Meningkatnya ketegangan di Taiwan Kunjungan Ketua DPR AS Nancy Pelosi bulan lalu ke Taipei telah menyebabkan meningkatnya ketegangan antara Beijing dan Washington.
China mengatakan AS bermain dengan api sehubungan dengan kunjungan Pelosi dan memulai latihan militer di sekitar pulau itu, yang dianggapnya sebagai wilayah China.
Kemudian, delegasi tingkat tinggi Perancis juga mengunjungi Taiwan.
Awal bulan ini, Menteri Luar Negeri Taiwan Joseph Wu mengatakan kepada DW bahwa China telah mengungkapkan strateginya untuk invasi masa depan pulau itu.
Pada tanggal 2 September, Departemen Luar Negeri AS menyalakan potensi kesepakatan senjata senilai 1,1 miliar dollar AS dengan Taiwan yang mencakup penjualan rudal anti kapal dan rudal anti serangan udara serta sistem pengawasan radar.
Di bawah undang-undang yang disahkan oleh Kongres, AS diharuskan menjual perlengkapan militer Taiwan.
Kejelasan strategi AS Fang Yu-Chen, seorang profesor ilmu politik di Universitas Soochow di Taiwan, mengatakan kepada DW bahwa ambiguitas strategis AS kini menjadi lebih strategis dan tidak terlalu ambigu.

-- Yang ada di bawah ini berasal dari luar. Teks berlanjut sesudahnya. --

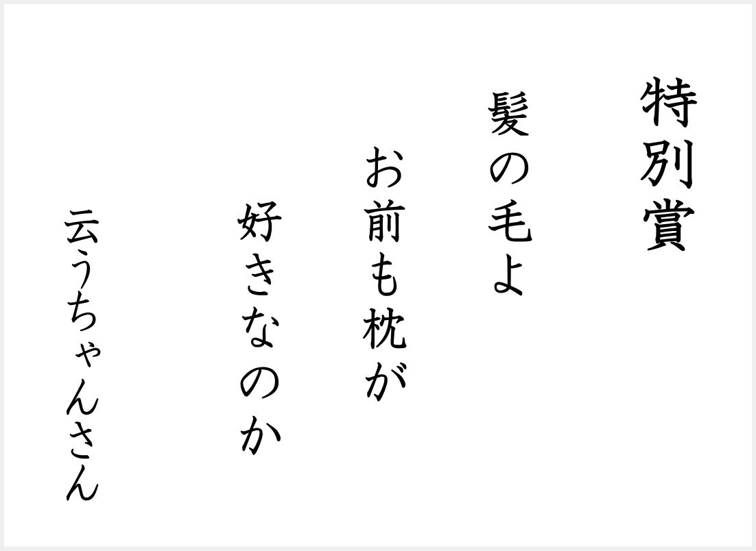審査員コメント:「川」の字で寝付いてたら、寝相が悪く、気がついたら枕が外れ「州」の字になっていたという絶妙な表現をされている作品でした。「州」の字の点々が「まくら」を表しています。

“Saya pikir ini adalah proses penyesuaian dari ambiguitas strategis ke kejelasan strategis.
Sementara (Biden) mengatakan AS akan membela Taiwan, dia tidak merinci bagaimana AS akan membela Taiwan, yang menunjukkan ambiguitas strategis tidak berubah, selalu seperti itu," ujarnya.
Lev Nachman, seorang profesor ilmu politik di National Chengchi University di Taiwan, mengatakan kepada DW bahwa ada celah antara Biden dan Gedung Putih, di mana Gedung Putih bertindak dalam satu cara dan Biden berbicara dan bertindak dengan cara lain.
“Ketika tiba saatnya untuk bertindak, dapat menyebabkan hasil yang sangat berbeda dari apa yang mungkin dipikirkan Biden bahwa dia memiliki kapasitas untuk melakukannya,” bantah Nachman.